Prophetic expectations aside, disease and death remained rampant at Nauvoo. Newel Knight, a prominent Church member and early settler in the community, sadly commented in 1841, “I believe no place was more infested with sickness. . . . Some of your best men were swept down by the distroyer.”49 The fever epidemic of that year was so disastrous that Sidney Rigdon found it necessary to preach “a general funeral sermon.”50 The realities of sickness and death for the Mormons at Nauvoo were documented by the official sexton’s reports published in the city newspapers. Available studies of mortality rates in other mid-nineteenth-century locations have tended to indicate that the Latter-day Saint community had, on the average, a significantly higher incidence of death. The crude mortality rate for the United States from 1830 to 1840 has been estimated at 13.8 deaths per 1,000 persons. In the following decade this figure had declined only slightly to 13.5 per 1,000. The state of Illinois had a mortality rate identical to this second ratio for the same date. While the estimates for larger American cities ranged from 25–26.5 per 1,000 in the antebellum period, one student of the topic has calculated that a rate as low as 10 per 1,000 might be considered reasonable for many smaller Massachusetts towns. He has further theorized that this figure might well have been close to the national average for similarly sized communities.51

However, based on information compiled from the sexton’s reports for Nauvoo from January 1843 through October 1845, it would appear that the Saints were subjected to an incidence of death which was consistently above the mortality statistics cited above. In 1843 the crude estimate for the city was 22 per 1,000; the following year this had increased to nearly 26 deaths per 1,000 persons before it declined somewhat in 1845 to 19.5 per 1,000. These statistics represent only those deceased residents who were buried within the city limits and thus included in the official notice.52

The specter of death had been constantly with the Mormons throughout much of their early history, but during this period from 1839 to 1845 it became even more pronounced. Although its population grew quickly, Nauvoo never was able to meet the full expectations of Joseph Smith and his followers and become a garden spot. As a consequence of these natural conditions, the Prophet directed a sizable portion of his pedagogical activities to discussing the afterlife and to the promulgation of the concept of the celestial family. Latter-day Saint eschatology grew to maturity in the early 1840s—perhaps by a natural process, or possibly one hastened by necessity. Mormon rhetoric of this period images them as engaged in a battle with the devil for the right to obtain the riches of the next life. Their victory or defeat was dependent upon how valiantly they had lived: the price could be steep, but the product was without comparison.

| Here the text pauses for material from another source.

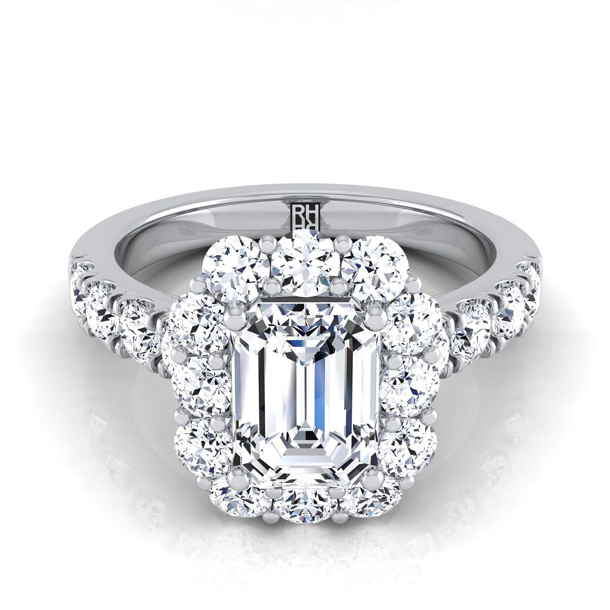 แหวนหมั้นสไตล์หรูฝรั่งเศสประดับเพชรทรงมรกตเจียระไน 18K ทองคำขาว พร้อมฮาโลพาเว่ -1-1/10ctw
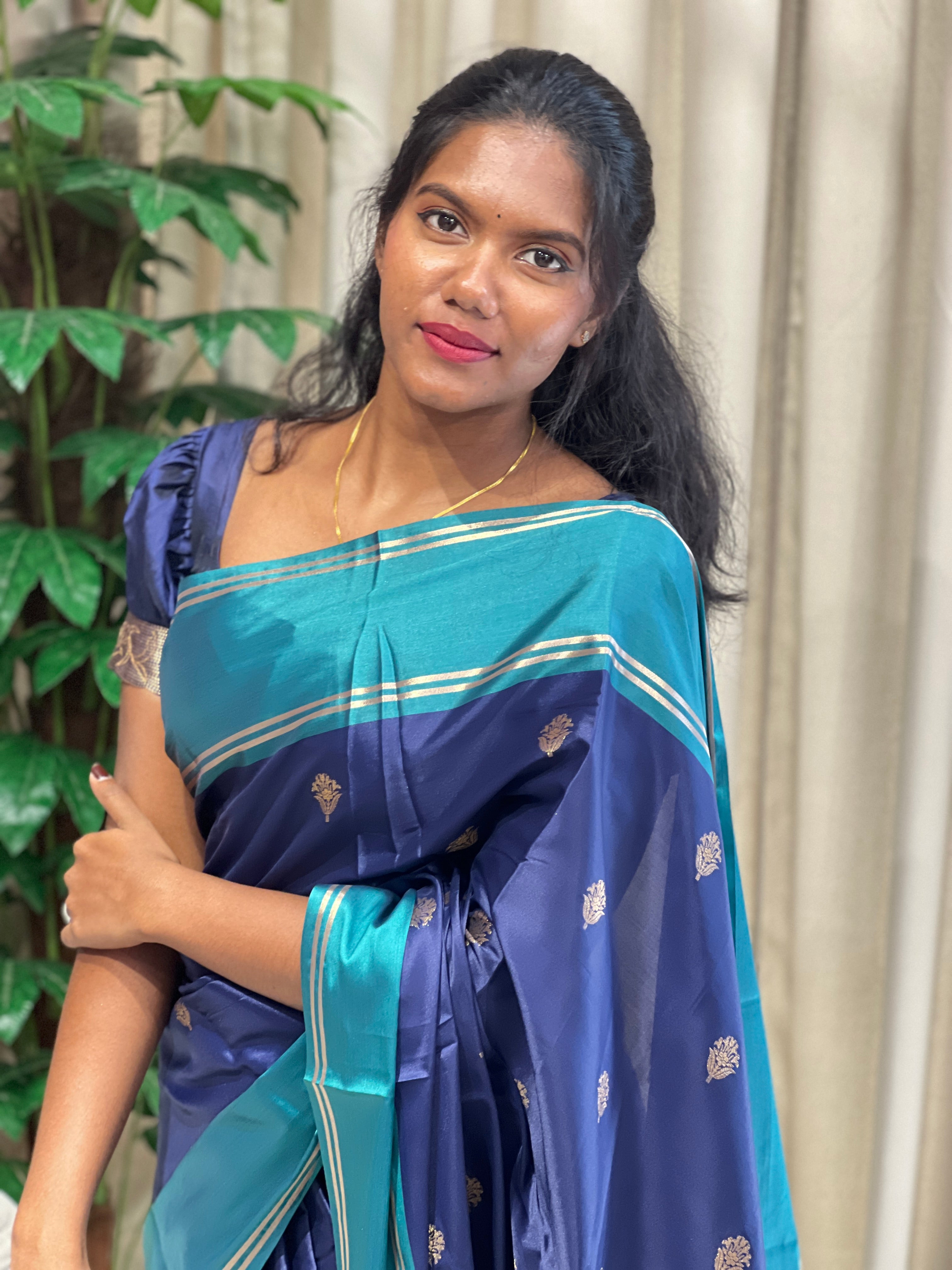 - Style: Banarasi Weaving, Scattered Buttas, Brocade Pallu, Contrast Border

Martha Coray, a resident of Nauvoo, recorded a sermon by Joseph Smith in which he taught that “salvation is for a man to be saved from all his enemies, even our last enemy which is death.”53 On another occasion, the Prophet had instructed his followers, “Death is the last enemy to conquer on the pathway to salvation.”54 An example of this perspective in Latter-day Saint writing from the Illinois period appeared in a eulogy delivered at the funeral of Joseph Smith, Sr., the father of the Prophet, in September 1840. Robert B. Thompson said of the deceased that “his spirit now free and unincumbered, roams, and expatiates in that world, where the spirits of just men made perfect dwell, and where pain and sickness, tribulations and death cannot come.”55

Latter-day Saint expectations about the afterlife displayed a sense of special entitlement during this period. The triumphant death was now associated with being the Lord’s anointed people. This feeling in regard to eternity had been fostered by Joseph Smith since at least 1832 and was not an uncommon attitude among many other antebellum Americans as well. The obituary of Mary Fate, published in the Times and Seasons in 1841, concluded, “We sorrowed, but not as those who have no hope; death has a sting, the grave has a victory now, but thanks be to God who will give us the victory when the last enemy shall be conquered” (italics added).56 At about this same time, Mormon eschatology continued its transition to encompass the family and friends of the deceased. When Robert B. Thompson died in September 1841, his panegyrists rejoiced in the faithfulness he had exhibited in life and in death. One sought to comfort his wife and child further with the observation that they could look forward to that happy period when they would again meet in a brighter and better world, where the “wicked cannot trouble, and where the weary may find rest.”57

An excellent example of the evolution of Latter-day Saint eschatology is contained in an elegy written by Eliza R. Snow and published in 1843. She was a plural wife and confidante of the Prophet, and her works generally reflect accepted gospel precepts. In this particular poem, entitled “Apostrophe to Death,” she traces the changing Mormon views on death as it was transmuted from a fearful tyrant into a “portal to the worlds on high.” Modern revelation, as received by the Prophet Joseph Smith, is credited as the source of the enlightened change. Excerpts from the poem contrast the initial thought on death with the new philosophy:

Where art thou Death?—I’ve seen thy visage and
Have heard thy sound—and the deep, low murm’ring sound 
That rises on thy tread!

Thy land is called a land of shadows: and thy path 
A path of blind contingence gloominess and fear—

Later the author enunciates the welcome transition:

But thou art chang’d—the terror of thy looks—
The darkness that encompass’d thee is gone; 
There is no frightfulness about thee now. 
Intelligence, the everlasting lamp
Of truth, of truth eternal, lighted from
The world on high, has pour’d its brilliant flame 
Abroad, to scatter darkness and to chase
The horrors that attended thy approach!
And thou art chang’d for since the glorious light 
Of revelation shone upon thy path
Thou seem’st no more a hideous monster. . . .58

As is evidenced by the above poem, Latter-day Saint eschatology had, by the date of this publication in 1843, elevated death to a position of high importance: for the faithful Mormon it represented the passageway to eternal life. While this concept was by no means limited to any specific antebellum American denomination, it did enhance the importance of adherence to gospel precepts for the faithful.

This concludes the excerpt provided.